Но я на этом не успокоился и поехал в кибуц. Нашел несколько десятков ветеранов репатриации из Германии. Секретарь оказался более живым существом, чем выглядел в письме. После того, как я рассказал ему, что был учеником Габриэля, он позвал женщину лет пятидесяти по имени Берта Ноймайер. Она была единственным человеком, с которой Габи (в кибуце его звали так же, как и доктор Хайнрих) разговаривал. Берта рассказала мне все, что могла вспомнить.
«Он был очень замкнутым человеком. Склонен одиночеству. Работу свою в слесарной выполнял с большим прилежанием и точностью. Свободное время посвящал книгам или близким и далеким походам по окрестностям. Исчезал на долгое время, ибо проходил курсы в «Хагане», а так же был инструктором во многих местах, куда его посылали».
«Были у него друзья? Подруга?»
«Я уже сказала, что он удалялся от товарищей. Касательно подруги, – тут Берта покраснела и сказала мне с неожиданной откровенностью. – Какое-то время полагала, что я его подруга. Но выяснилось, что я ошибалась. Не потому, что он нашел себе другую, а потому, что он избрал аскетический образ жизни, в которой нет места любви между мужчиной и женщиной. Не знаю точно, но казалось, что он вообще избегал близких отношений с людьми, чтобы не испытывать страданий, если он в них разочаруется или их потеряет. Вы поняли меня?»

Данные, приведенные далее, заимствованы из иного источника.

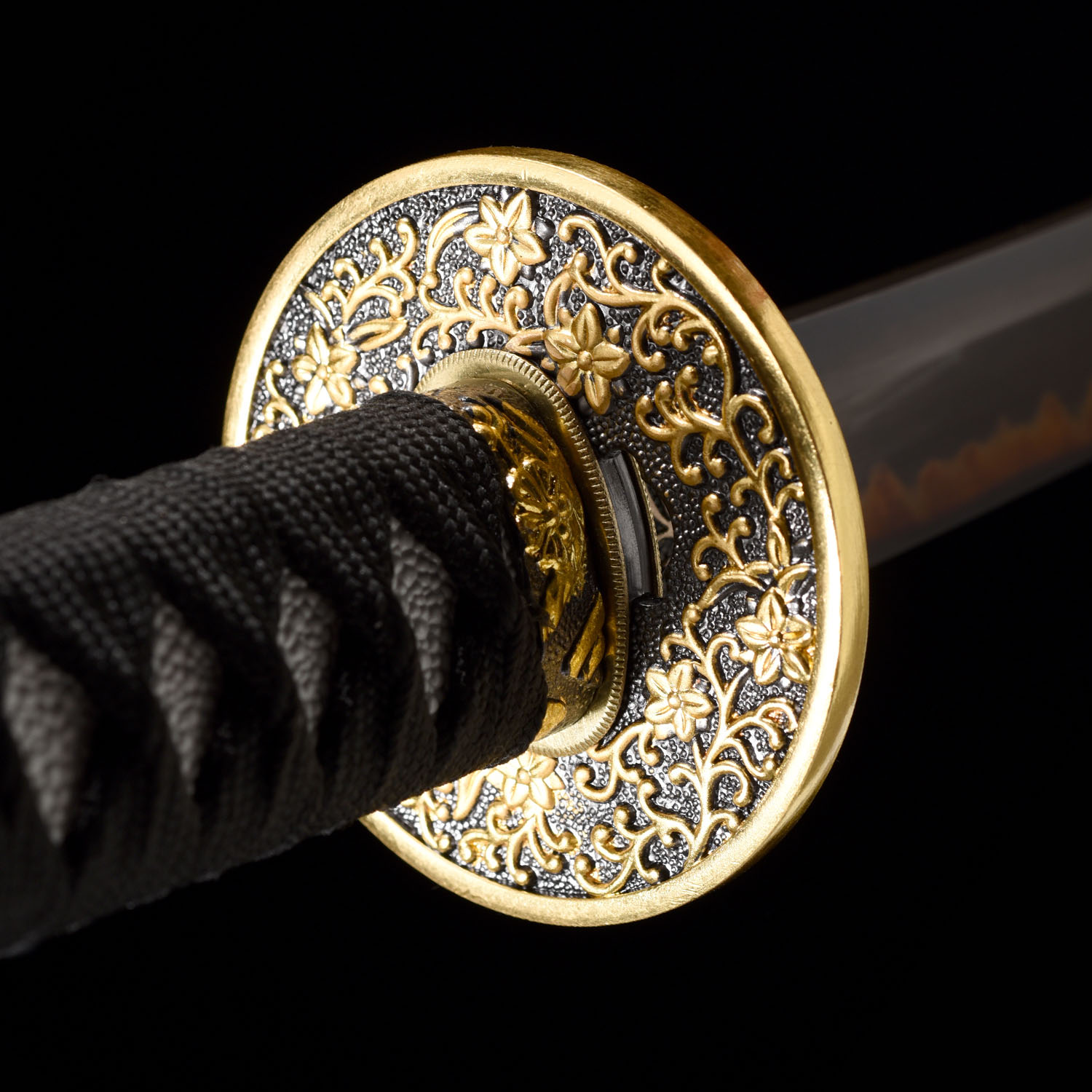 The blade is not only allows for a lighter blade and audible feedback when swung, but also can balance the blade to achieve optimal performance. The tip of the blade is a Chu Kissaki (medium length).This blade has been hand polished with multiple grade sharpen stone by Japanese method, which made the surface of the blade like a mirror, the blade is also very sharp. This blade comes with a full length Tang which greatly enhances the strength of the sword. this sword is strong enough to cut through a thick bamboo tree with a single strike yet sharp enough to slice paper.

«Знаете ли вы, почему он оставил кибуц?»
«Не могу сказать, что причины этого мне понятны, – сказала она с той же прямотой и осторожностью, отличающей ее ответы. – Помню, что за несколько дней до того, как он ушел, до того, как об этом узнали в кибуце, я посетила его в слесарной и увидела, что он кует на наковальне кусок раскаленного добела железа. Внезапно он отбросил молот и оставил железо, не закончив работы. Я видела, что он это сделал не из-за усталости, и обеспокоено спросила его о причине этой вспышки. Он улыбнулся мне своей по-особому деликатной улыбкой, как бы намекая на какое-то тайно созревшее в нем решение, и сказал: «Хватит ковать железо. Надо ковать души!» После его ухода из кибуца я размышляла над его словами, когда узнала, что он стал учителем».
Я поблагодарил Берту и вернулся домой.
3
Так было закрыто и сдано в архив дело Габриэля Тироша, ибо не было найдено ничего нового, что могло способствовать его извлечению оттуда.

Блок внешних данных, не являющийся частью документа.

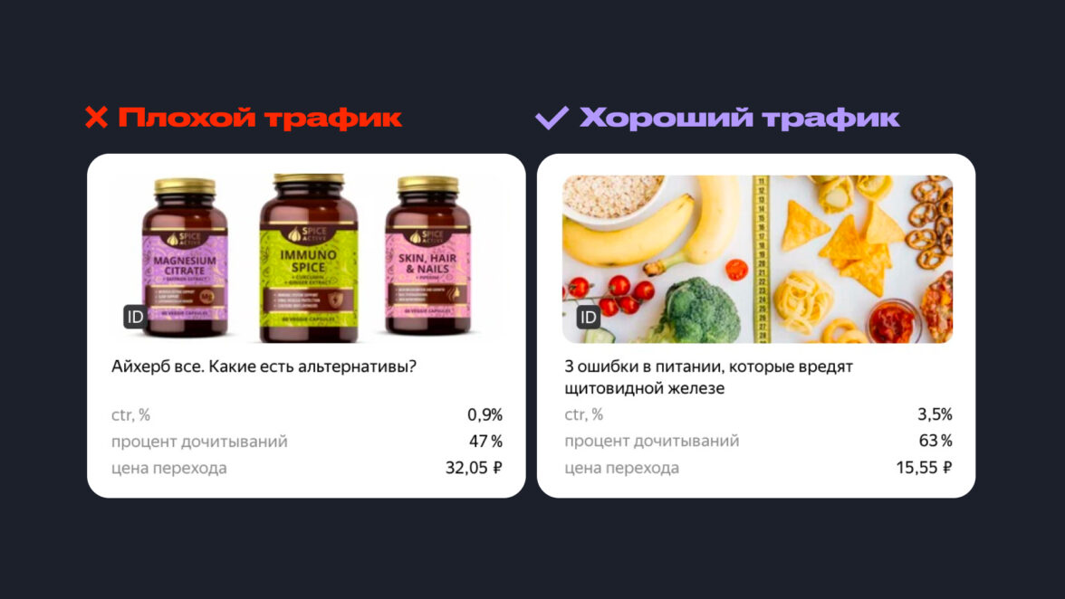 Главное — следить за качеством трафика. Мусорный трафик никому не нужен. Об этом ярко сигнализируют такие метрики, как процент дочитываний, процент переходов из статьи и конверсии в маркетплейсе (например, процент добавлений в корзину).
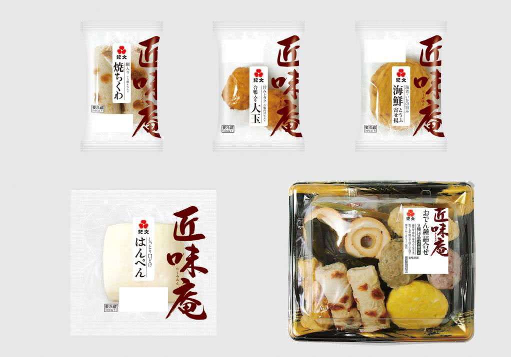 「匠味庵」シリーズは、おいしいおでん、旨みたっぷりのおでんを召しあがりたい方のためのおでん種。長年、おでんを作り続けてきた紀文の技が生きた、こだわりのおでん種です。

И все же некоторое продолжение открылось через много лет после исчезновения Габриэля, который все же еще появлялся в моих снах. Это было после провозглашения государства, и рассказы о войне за Независимость покрыли забвением истории 1936–1938 годов. И тогда, когда казалось, что эпоха Габриэля сдана в архивы и музеи вместе с верховными наместниками, комиссиями по расследованию, пистолетами и бомбами – именно тогда вернулся Габриэль к новой жизни в моих снах и видениях.
Но это явление из небытия кумира юности не было отражением повседневной реальности. Это были сны, в которых я стоял перед Габриэлем, как ученик перед учителем. Габриэль был, одет как всегда, и почти не двигался. Только выслушивал меня и давал указания сделать то или это. Я просыпался от этих ночных видений с учащенным пульсом и печалью в душе.
Один из таких снов я запомнил очень отчетливо. Он возник после события, происшедшего, примерно, десять лет назад.